WORK ORDER: Word for word, repeat the data; no picture should appear in the result.

INPUT DATA:
• • •
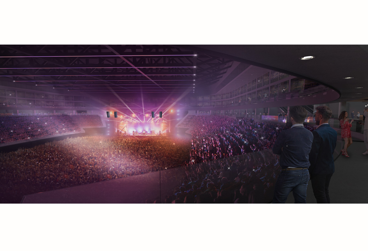 The adjacent existing ice hockey arena (Nordis), dating from 1966, will be converted into a mid-sized arena for sports and other events, seating 5,000. It will connect to the new arena and other sports and recreation facilities at the underground level.
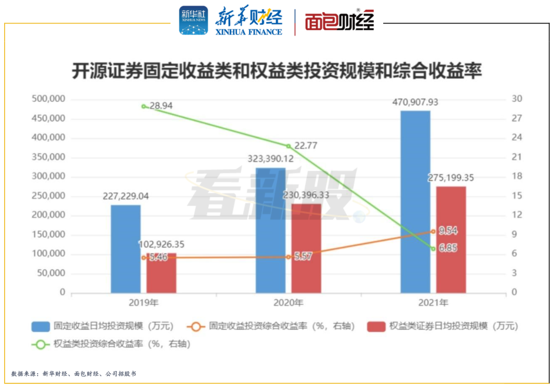 图4:开源证券固定收益类和权益类投资规模和综合收益率
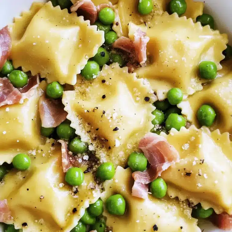 Why you will love this recipe: You will love this recipe because it transforms a simple store-bought item into a restaurant-worthy dish in under 30 minutes. The combination of salty, cheesy, and savory flavors is irresistible, and the addition of peas and prosciutto adds both texture and visual appeal. It’s a balanced and satisfying meal that’s easy to customize to your liking. The slight sweetness of the caramelized onions balances perfectly with the peppery bite of the Cacio e Pepe, while the crispy prosciutto adds a delightful crunch. Plus, the use of pasta water creates a silky, emulsified sauce that coats every ravioli perfectly. It’s a comforting yet sophisticated dish that will impress anyone you serve it to.
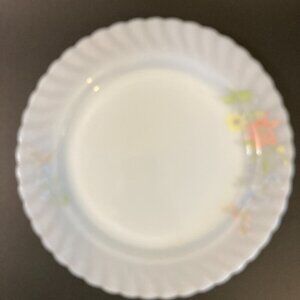Set of 5 vintage milk glass dinner plates with a delicate pastel floral design and scalloped edges. These lightweight plates have a soft translucent white base with colorful flowers in peach, yellow, and blue.
• • •
ANSWER SPACE:
 The adjacent existing ice hockey arena (Nordis), dating from 1966, will be converted into a mid-sized arena for sports and other events, seating 5,000. It will connect to the new arena and other sports and recreation facilities at the underground level.
 图4:开源证券固定收益类和权益类投资规模和综合收益率
 Why you will love this recipe: You will love this recipe because it transforms a simple store-bought item into a restaurant-worthy dish in under 30 minutes. The combination of salty, cheesy, and savory flavors is irresistible, and the addition of peas and prosciutto adds both texture and visual appeal. It’s a balanced and satisfying meal that’s easy to customize to your liking. The slight sweetness of the caramelized onions balances perfectly with the peppery bite of the Cacio e Pepe, while the crispy prosciutto adds a delightful crunch. Plus, the use of pasta water creates a silky, emulsified sauce that coats every ravioli perfectly. It’s a comforting yet sophisticated dish that will impress anyone you serve it to.
Set of 5 vintage milk glass dinner plates with a delicate pastel floral design and scalloped edges. These lightweight plates have a soft translucent white base with colorful flowers in peach, yellow, and blue.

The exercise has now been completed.